Well, this is just another creative plan to take money borrowed from China and give it to the bankers who have lost money after paying themselves bonuses for making bad investments.
But the people are starting to come down with bailout fatigue, especially after the most recent Geithner-approved AIG bonuses. Any more gaffes like this and Geithner may become too big a political albatross for Obama to carry. There is taxpayer revolt in the wind. So far it is only taking the form of anger--mostly by Obama's political opponents. When disillusionment hits Obama's supporters, then he will be in trouble. He can handle anger from opponents, but supporter disillusionment is his biggest danger. The ones not disillusioned will be the beneficiaries of the bailouts.

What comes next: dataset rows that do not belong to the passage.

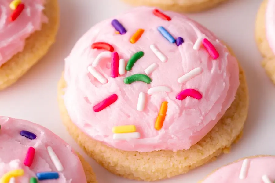 - Lofthouse copycat – The buttercream frosting is tinted a playful shade of pink, reminiscent of the popular soft, melt-in-your-mouth Lofthouse cookies.
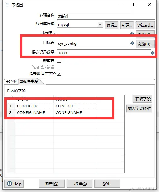 [使用表输出控件]选择数据源,字段映射
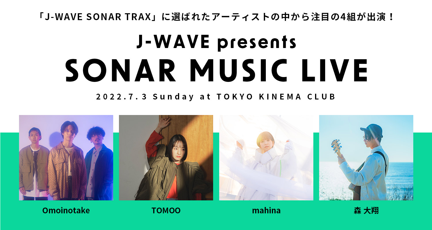 J-WAVE(81.3FM)「SONAR MUSIC」(月-木 22:00~24:00)がプロデュースするライブ・イベント開催。
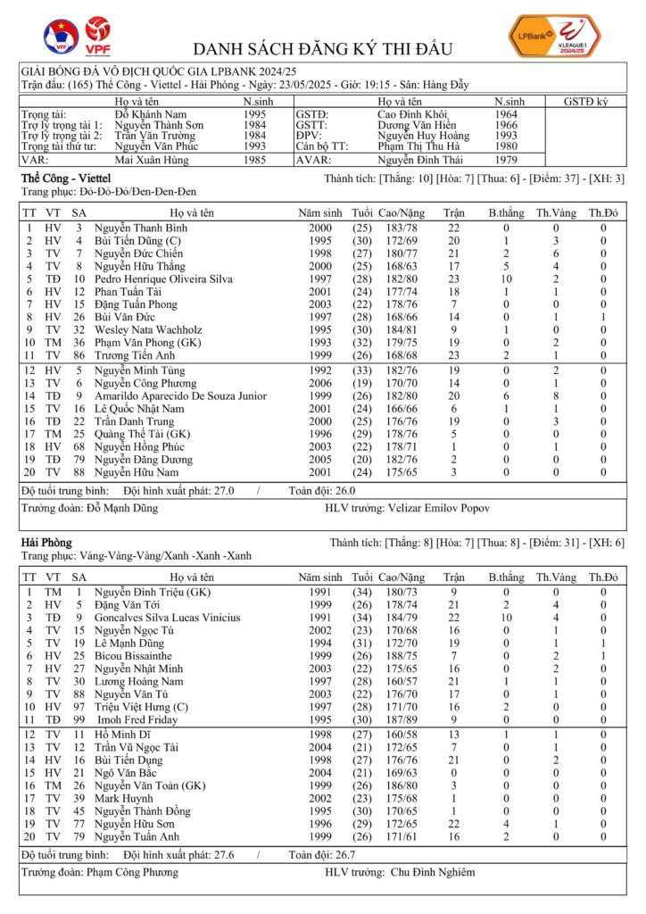Danh sách đăng ký thi đấu CLB Thể Công Viettel vs CLB Hải Phòng (vòng 24 VĐQG LPBank 2024/25)
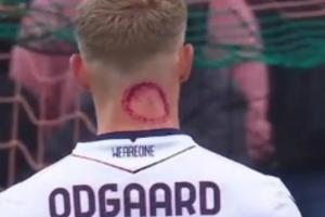 在3月29日博洛尼亚1-0击败威尼斯的比赛中,奥德加德被发现脖子后面有一块巨大的红斑。在比赛期间,社交媒体上充斥着球迷们的各种猜测,很多人担心他和僵尸发生冲突。
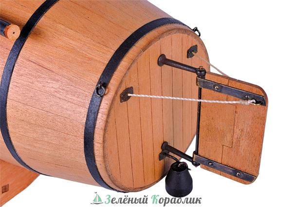 Обшивка 1,5 мм из груши, подставка тоже из груши. Скобы крепления труб "греческого огня" - действующие, внутри трап и сиденья для гребцов. Штанги крепления руля и балластные грузы литые из металла с чернением. В наборе есть кондуктор для изгиба реек обшивки точно в размер. Работает по принципу - намочил- вставил- высушил- вынул. Сборная модель для детей от 8 лет, для самостоятельной сборки.
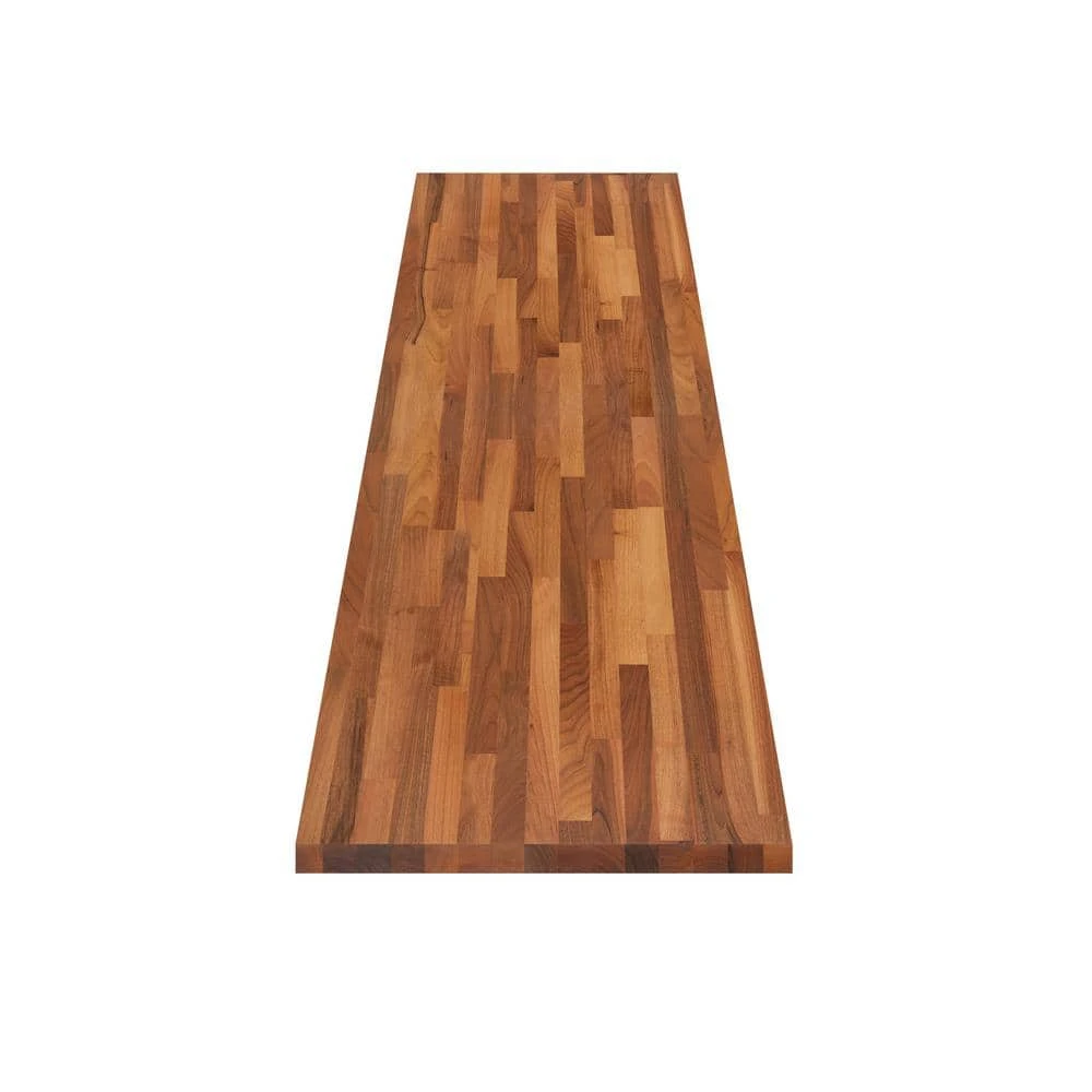 Complete a range of DIY projects with this Hampton Bay European dark walnut unfinished butcher block island countertop. The unfinished surface is ready for staining and finishing, leaving enough leeway for customization. Featuring rich shades of brown, this island countertop draws the eye with a unique, appealing woodgrain. Solid walnut wood is hard and dense, offering dependable strength. Whether you’re creating furniture for your kitchen, bathroom or office, this Hampton Bay European dark walnut unfinished butcher block island countertop lets you integrate a piece of nature into your home.

Back in January, I figured it would take a few months and a few bailout plans for this disillusionment to hit the public at large. There will always be enough people to give the bailouts a chance, but the public does not have enough patience to wait for these to work--and their impatience increases with each bailout-induced executive bonus.

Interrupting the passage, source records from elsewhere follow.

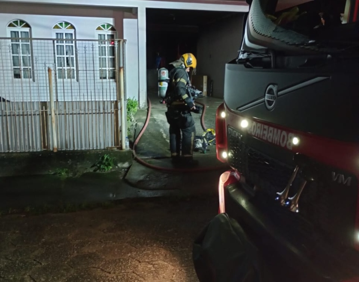 Um incêndio nos fundos de uma residência mobilizou o Corpo de Bombeiros de Tubarão na madrugada desta terça-feira, dia 17.
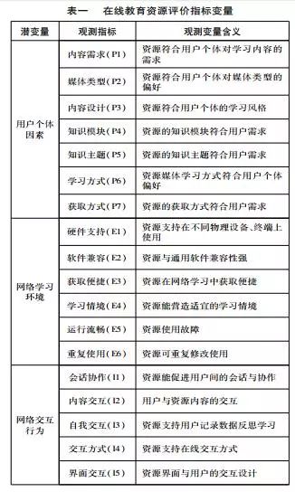 研究中潜变量不能直接作为测量变量,需要通过潜变量的外显指标作为观测变量进行测量。本文从网络学习环境、网络交互行为、用户个体因素三维度梳理在线教育资源质量评价的观测变量(见表一)。
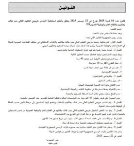 صدر بالعدد الأخير من الرائد الرسمي للجمهورية التونسية القانون عدد 18 لسنة 2025 المؤرّخ في 22 ديسمبر 2025، والمتعلّق بإقرار أحكام استثنائية لانتداب خريجي التعليم العالي الذين طالت بطالتهم، وذلك في القطاع العام والوظيفة العمومية.
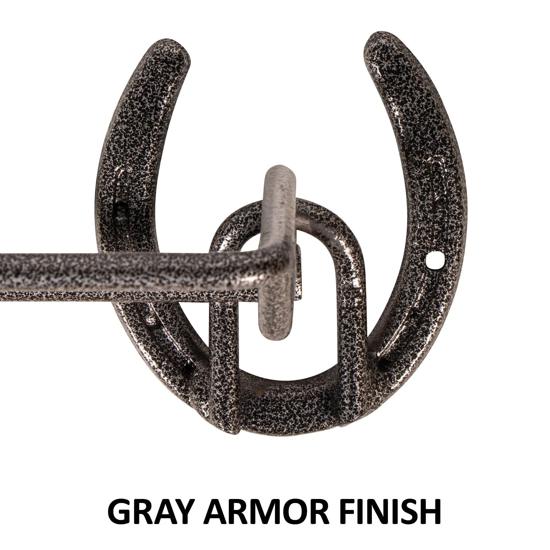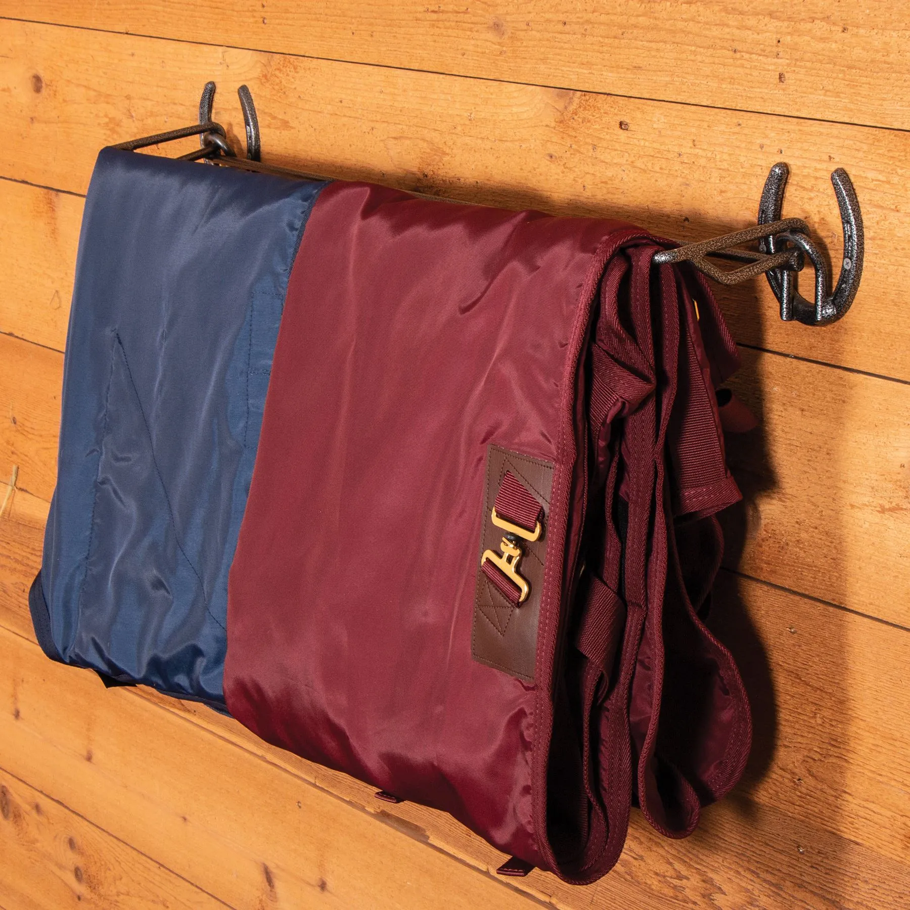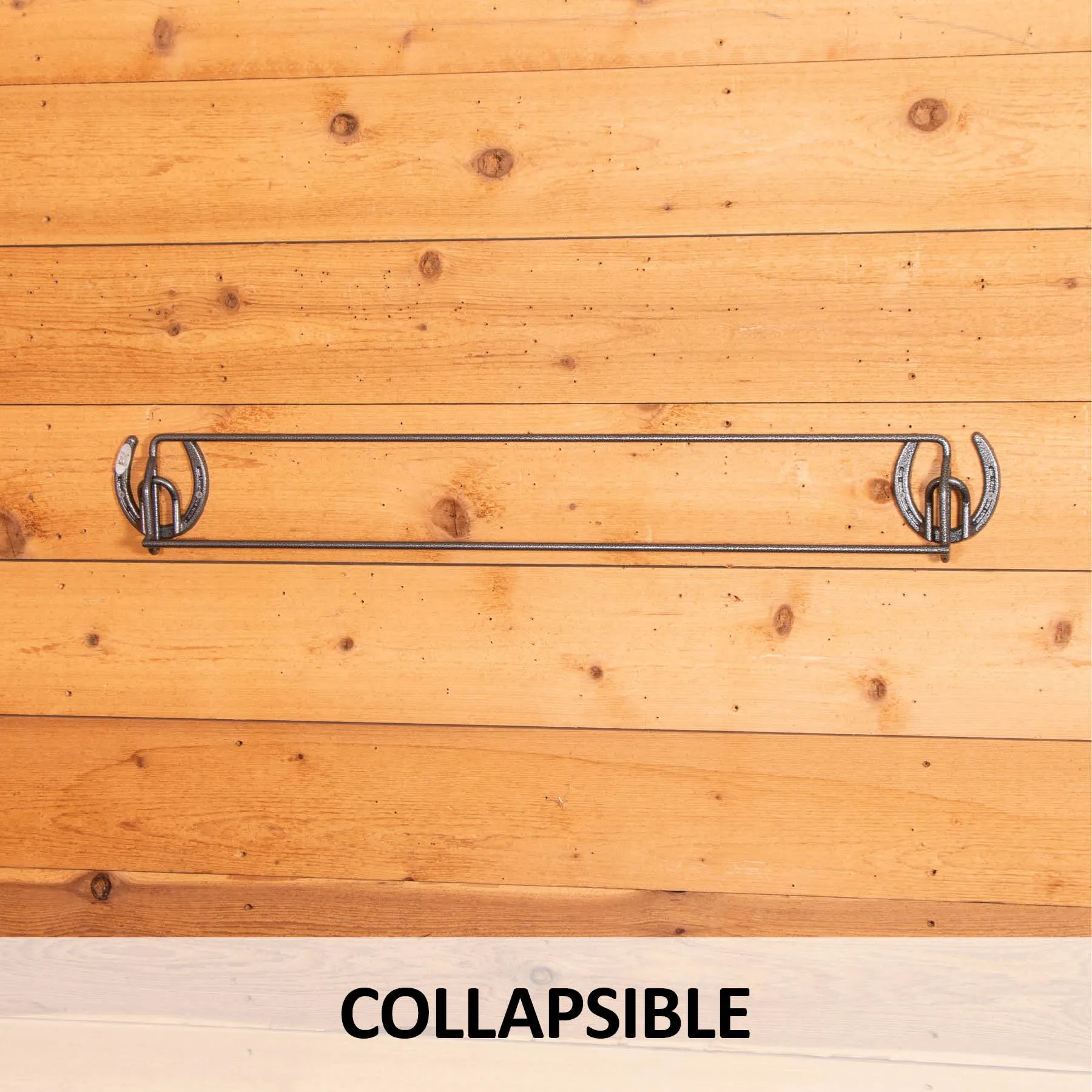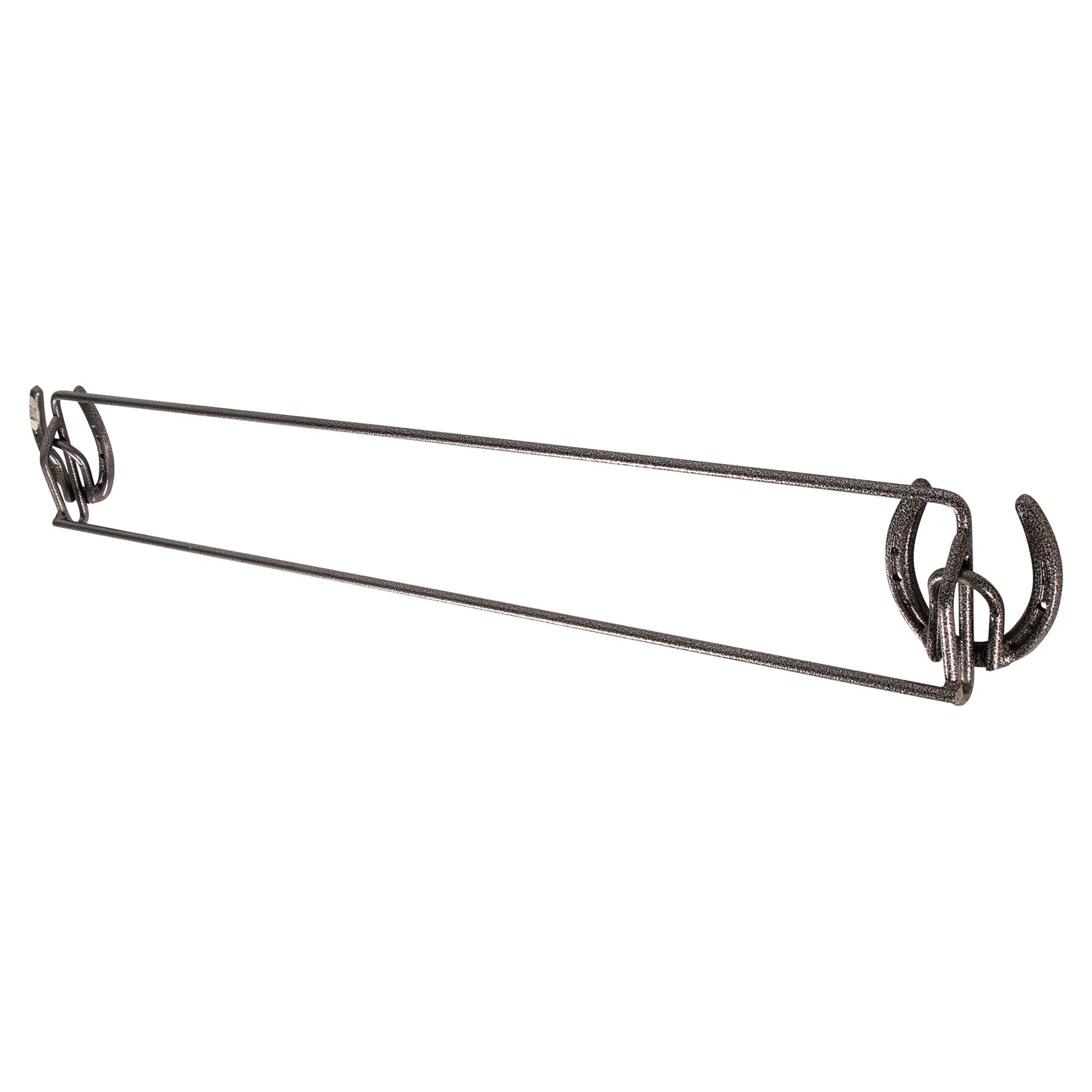 A decorative accessory to your horse’s stall front that can hold your sheets, blankets, or coolers to keep them neat and off of the floor. Horseshoe mounting brackets, measures 36″ long x 5″ tall x 5″ deep. Mounting hardware is included.

Of course, I don't think that the bailouts would have worked anyway, because they are based on the theory that government can socialize private debt. At best, this course of action can only postpone the inevitable. Government financial gurus knew they could not do it all at once, because the figures would be so staggering that it would cause instant revolt. So they decided to institute trickle-down bailouts, a trillion here and a trillion there. And they divided up the bailouts between the government, the Treasury, and the Fed to confuse public perception.

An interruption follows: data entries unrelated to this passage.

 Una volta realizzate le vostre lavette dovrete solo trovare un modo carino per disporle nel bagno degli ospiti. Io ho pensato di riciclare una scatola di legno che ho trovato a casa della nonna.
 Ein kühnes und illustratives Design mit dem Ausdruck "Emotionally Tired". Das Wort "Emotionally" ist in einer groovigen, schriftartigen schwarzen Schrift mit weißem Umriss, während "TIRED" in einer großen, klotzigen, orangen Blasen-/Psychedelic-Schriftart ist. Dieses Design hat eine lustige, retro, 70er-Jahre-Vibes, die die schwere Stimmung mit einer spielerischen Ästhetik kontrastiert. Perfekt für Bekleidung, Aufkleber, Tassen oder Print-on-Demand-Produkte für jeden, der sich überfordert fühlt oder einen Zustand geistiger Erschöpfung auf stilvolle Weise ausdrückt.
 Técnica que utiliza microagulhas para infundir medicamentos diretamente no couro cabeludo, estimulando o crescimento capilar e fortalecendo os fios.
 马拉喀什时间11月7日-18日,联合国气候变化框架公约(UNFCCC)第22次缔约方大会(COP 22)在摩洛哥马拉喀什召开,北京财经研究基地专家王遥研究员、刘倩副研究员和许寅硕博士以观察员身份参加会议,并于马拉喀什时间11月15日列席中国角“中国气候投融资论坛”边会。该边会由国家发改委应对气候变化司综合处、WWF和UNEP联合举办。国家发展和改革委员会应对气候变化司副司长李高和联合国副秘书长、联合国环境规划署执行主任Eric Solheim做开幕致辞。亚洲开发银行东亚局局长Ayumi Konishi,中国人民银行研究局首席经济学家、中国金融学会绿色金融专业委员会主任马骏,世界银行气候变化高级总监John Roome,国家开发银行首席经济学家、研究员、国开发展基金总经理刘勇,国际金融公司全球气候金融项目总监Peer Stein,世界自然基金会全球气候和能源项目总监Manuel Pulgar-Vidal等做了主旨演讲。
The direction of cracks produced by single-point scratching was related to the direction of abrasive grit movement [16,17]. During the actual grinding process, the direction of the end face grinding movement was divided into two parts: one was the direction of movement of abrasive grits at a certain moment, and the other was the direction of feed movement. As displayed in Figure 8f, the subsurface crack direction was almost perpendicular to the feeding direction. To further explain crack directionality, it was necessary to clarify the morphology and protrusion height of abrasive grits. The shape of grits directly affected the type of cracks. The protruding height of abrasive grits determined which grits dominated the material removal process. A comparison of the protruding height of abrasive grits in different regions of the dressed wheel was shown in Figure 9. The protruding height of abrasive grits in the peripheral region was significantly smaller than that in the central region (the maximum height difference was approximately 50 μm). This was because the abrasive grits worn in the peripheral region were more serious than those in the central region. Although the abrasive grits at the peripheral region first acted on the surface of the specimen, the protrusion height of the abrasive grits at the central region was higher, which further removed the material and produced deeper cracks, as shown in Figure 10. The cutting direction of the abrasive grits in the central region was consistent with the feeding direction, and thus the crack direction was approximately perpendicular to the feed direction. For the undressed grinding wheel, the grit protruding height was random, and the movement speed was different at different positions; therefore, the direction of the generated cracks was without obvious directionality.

This tactic has worked only because the people have been misled into believing that each bailout is the last one. The problem is that after four or five failed bailouts, the people are beginning to realize that the government is paying bailouts on the monthly installment plan. Is this like a huge 30-year public mortgage?
It is only a matter of time before the people become so angry that Congress begins to fear for its political life. The recent 90% tax on AIG bonuses is a good example of how fear can motivate Congress like no other emotion, and given them enough adrenalin to go from zero to sixty in 4.5 seconds.